▶ _Data below_:
__________________________________________________
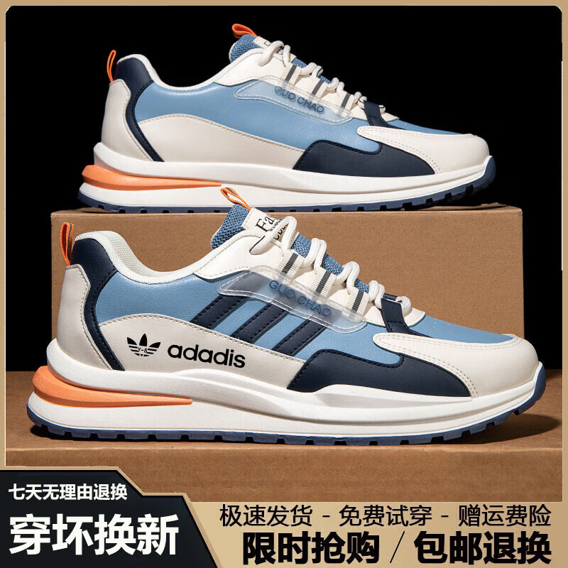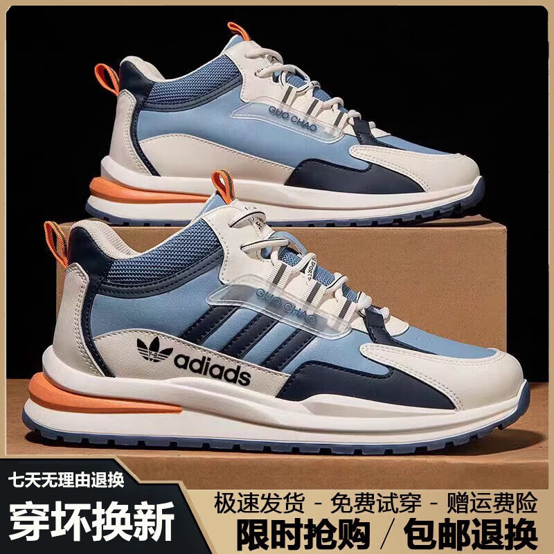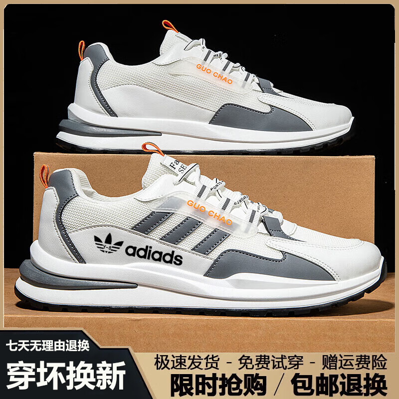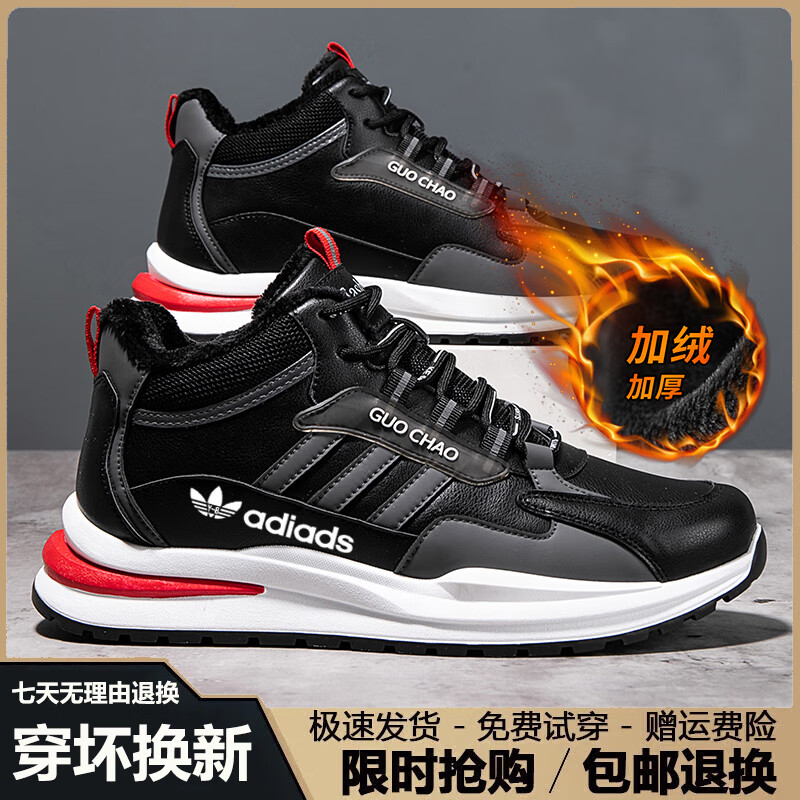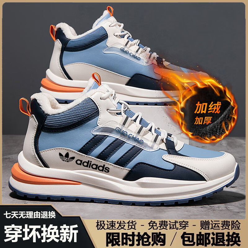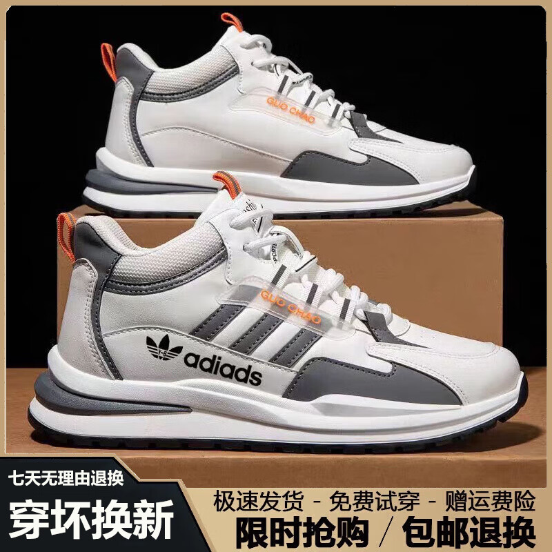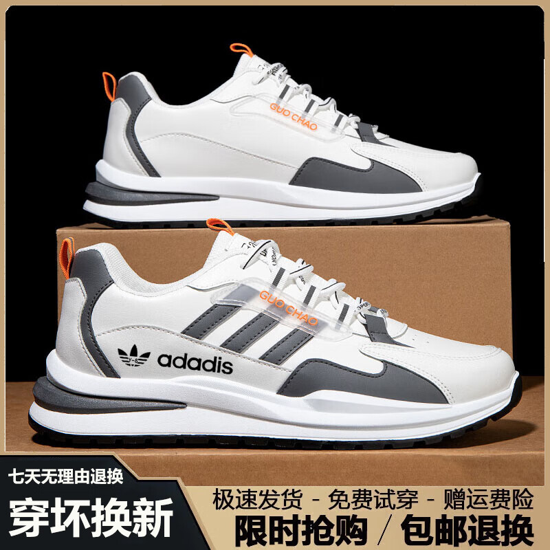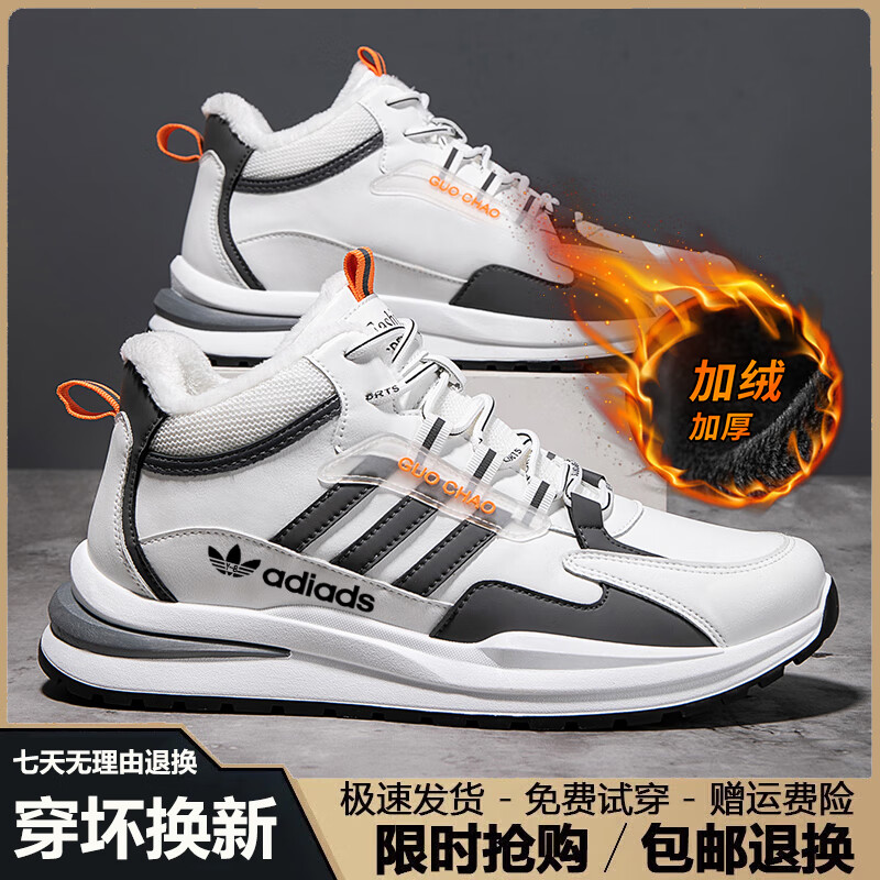 加绒棉鞋男鞋2025秋冬季新款透气休闲鞋男防滑百搭跑步运动鞋子男 AD6628白灰色【中帮皮面款】 41
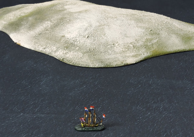 The convoy must past through the dangerous channel between Eilean Dub Mor and the smaller island. The ships must exit on the far table edge and make their way to Dundalk. On board three are general cargo. The fourth has the pay chest for the entire army for the past sixth months. The ship with the money is unknown and is only revealed at the end of the scenario by being drawn from four folded pieces of paper.
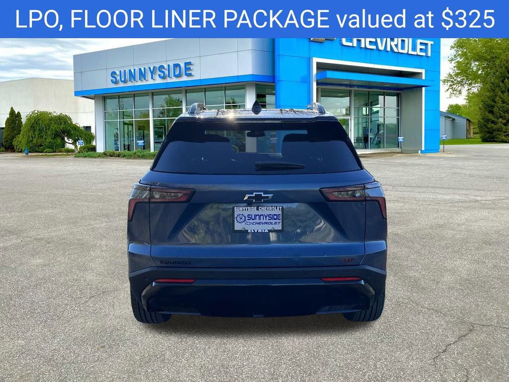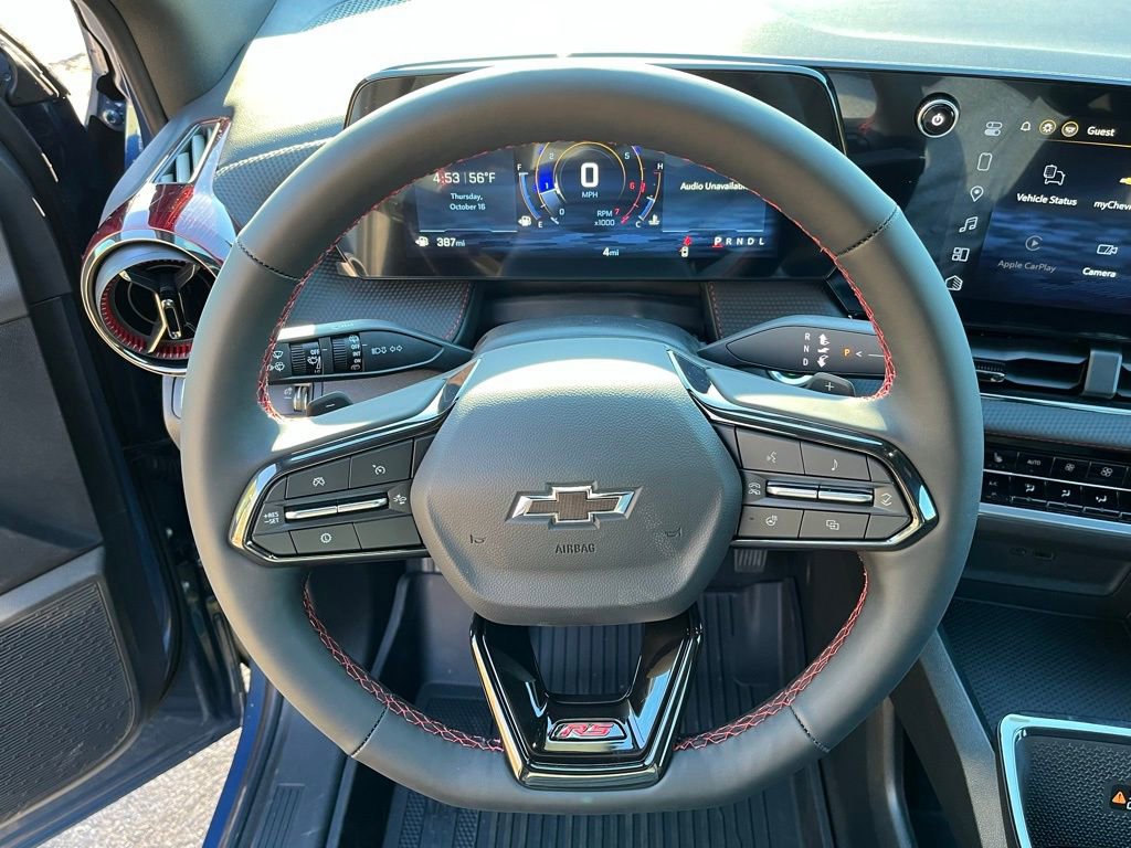 Lakeshore Blue Metallic 2026 Chevrolet Equinox RS FWD CVT 1.5L DOHC 2-Way Power Driver Lumbar Control Seat Adjuster, 4-Wheel Disc Brakes, 5.81 Final Drive Axle Ratio, 6 Speakers, ABS brakes, Air Conditioning, All-Weather Floor Liners (LPO), Alloy wheels, AM/FM radio: SiriusXM, Auto High-beam Headlights, Automatic temperature control, Brake assist, Bumpers: body-color, Cargo Mat, Compass, Delay-off headlights, Driver 8-Way Power Seat Adjuster, Driver door bin, Driver vanity mirror, Dual front impact airbags, Dual front side impact airbags, Electronic Stability Control, Emergency communication system: OnStar and Chevrolet connected services capable, Evotex Seat Trim, Floor Liner Package (LPO), Four wheel independent suspension, Front anti-roll bar, Front Bucket Seats, Front Center Armrest, Front dual zone A/C, Front Passenger 4-Way Manual Seat Adjuster, Front reading lights, Fully automatic headlights, Garage door transmitter, Heated door mirrors, Heated Driver & Front Passenger Seats, Heated front seats, Illuminated entry, Low tire pressure warning, Mosaic Black Metallic Roof, Navigation System, Occupant sensing airbag, Outside temperature display, Overhead airbag, Overhead console, Panic alarm, Passenger door bin, Passenger vanity mirror, Power door mirrors, Power driver seat, Power Liftgate, Power steering, Power windows, Preferred Equipment Group 1RS, Premium audio system: Chevrolet Infotainment 3, Radio data system, Radio: 11.3 Diagonal Advanced Color LCD Display, Rain sensing wipers, Rear anti-roll bar, Rear reading lights, Rear seat center armrest, Rear window defroster, Rear window wiper, Remote keyless entry, Second Row All-Weather Mat (LPO), Security system, SiriusXM w/360L Trial Subscription, Speed control, Speed-sensing steering, Split folding rear seat, Spoiler, Sport steering wheel, Steering wheel mounted audio controls, Tachometer, Telescoping steering wheel, Tilt steering wheel, Traction control, Trip computer, Variably intermittent wipers, Wheels: 19 Carbon Flash Metallic Aluminum, Wheels: 20 Black Machined-Face Aluminum.
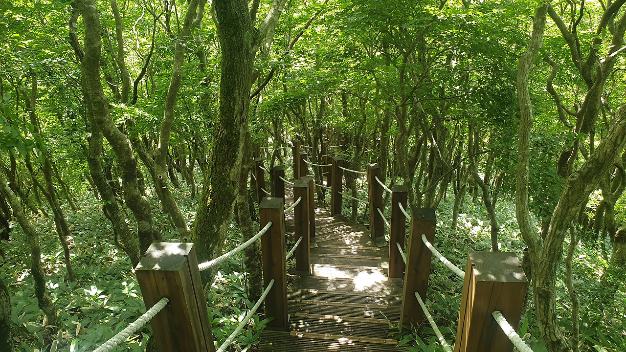 삼림이라는 단어에서 '삼'자의 뜻이 나무 빽빽함(森, 나무 빽빽할 삼)이라는 것을 증명이라도 하듯 숲 속은 온 세상이 초록으로 뒤덮여있었다. 사람이 지나다니며 자연스럽게 길의 지위를 얻은 것 같은 흙길을 걸을 때도, '이곳은 자연 그대로의 모습으로서는 인간이 영위하기 곤란하다'는 판단으로 나무 데크로 계단을 만들어 둔 것 같은 인공의 길 위에서도 주변은 한결같이 모두 우거진 나무들이었다. 길이 스스로 자신이 길임을 규정하는지, 아니면 숲의 공백으로 그 길이 규정되는지는 모르겠지만 이미 진입한 숲 속의 길은 여행객을 빨아드리는 듯했다. 그런 길 위에서 앞으로 나아가는 것에는 적당한 이유가 없다. 길은 누군가가 그 위를 걷고 있을 때 비로소 길로써 존재하기에 굽은 숲 속의 길을 계속해서 걸었다.
__________________________________________________
Please retype the data exactly. The pictures do not go in.

▶ _Response_:
 加绒棉鞋男鞋2025秋冬季新款透气休闲鞋男防滑百搭跑步运动鞋子男 AD6628白灰色【中帮皮面款】 41
 The convoy must past through the dangerous channel between Eilean Dub Mor and the smaller island. The ships must exit on the far table edge and make their way to Dundalk. On board three are general cargo. The fourth has the pay chest for the entire army for the past sixth months. The ship with the money is unknown and is only revealed at the end of the scenario by being drawn from four folded pieces of paper.
 Lakeshore Blue Metallic 2026 Chevrolet Equinox RS FWD CVT 1.5L DOHC 2-Way Power Driver Lumbar Control Seat Adjuster, 4-Wheel Disc Brakes, 5.81 Final Drive Axle Ratio, 6 Speakers, ABS brakes, Air Conditioning, All-Weather Floor Liners (LPO), Alloy wheels, AM/FM radio: SiriusXM, Auto High-beam Headlights, Automatic temperature control, Brake assist, Bumpers: body-color, Cargo Mat, Compass, Delay-off headlights, Driver 8-Way Power Seat Adjuster, Driver door bin, Driver vanity mirror, Dual front impact airbags, Dual front side impact airbags, Electronic Stability Control, Emergency communication system: OnStar and Chevrolet connected services capable, Evotex Seat Trim, Floor Liner Package (LPO), Four wheel independent suspension, Front anti-roll bar, Front Bucket Seats, Front Center Armrest, Front dual zone A/C, Front Passenger 4-Way Manual Seat Adjuster, Front reading lights, Fully automatic headlights, Garage door transmitter, Heated door mirrors, Heated Driver & Front Passenger Seats, Heated front seats, Illuminated entry, Low tire pressure warning, Mosaic Black Metallic Roof, Navigation System, Occupant sensing airbag, Outside temperature display, Overhead airbag, Overhead console, Panic alarm, Passenger door bin, Passenger vanity mirror, Power door mirrors, Power driver seat, Power Liftgate, Power steering, Power windows, Preferred Equipment Group 1RS, Premium audio system: Chevrolet Infotainment 3, Radio data system, Radio: 11.3 Diagonal Advanced Color LCD Display, Rain sensing wipers, Rear anti-roll bar, Rear reading lights, Rear seat center armrest, Rear window defroster, Rear window wiper, Remote keyless entry, Second Row All-Weather Mat (LPO), Security system, SiriusXM w/360L Trial Subscription, Speed control, Speed-sensing steering, Split folding rear seat, Spoiler, Sport steering wheel, Steering wheel mounted audio controls, Tachometer, Telescoping steering wheel, Tilt steering wheel, Traction control, Trip computer, Variably intermittent wipers, Wheels: 19 Carbon Flash Metallic Aluminum, Wheels: 20 Black Machined-Face Aluminum.
 삼림이라는 단어에서 '삼'자의 뜻이 나무 빽빽함(森, 나무 빽빽할 삼)이라는 것을 증명이라도 하듯 숲 속은 온 세상이 초록으로 뒤덮여있었다. 사람이 지나다니며 자연스럽게 길의 지위를 얻은 것 같은 흙길을 걸을 때도, '이곳은 자연 그대로의 모습으로서는 인간이 영위하기 곤란하다'는 판단으로 나무 데크로 계단을 만들어 둔 것 같은 인공의 길 위에서도 주변은 한결같이 모두 우거진 나무들이었다. 길이 스스로 자신이 길임을 규정하는지, 아니면 숲의 공백으로 그 길이 규정되는지는 모르겠지만 이미 진입한 숲 속의 길은 여행객을 빨아드리는 듯했다. 그런 길 위에서 앞으로 나아가는 것에는 적당한 이유가 없다. 길은 누군가가 그 위를 걷고 있을 때 비로소 길로써 존재하기에 굽은 숲 속의 길을 계속해서 걸었다.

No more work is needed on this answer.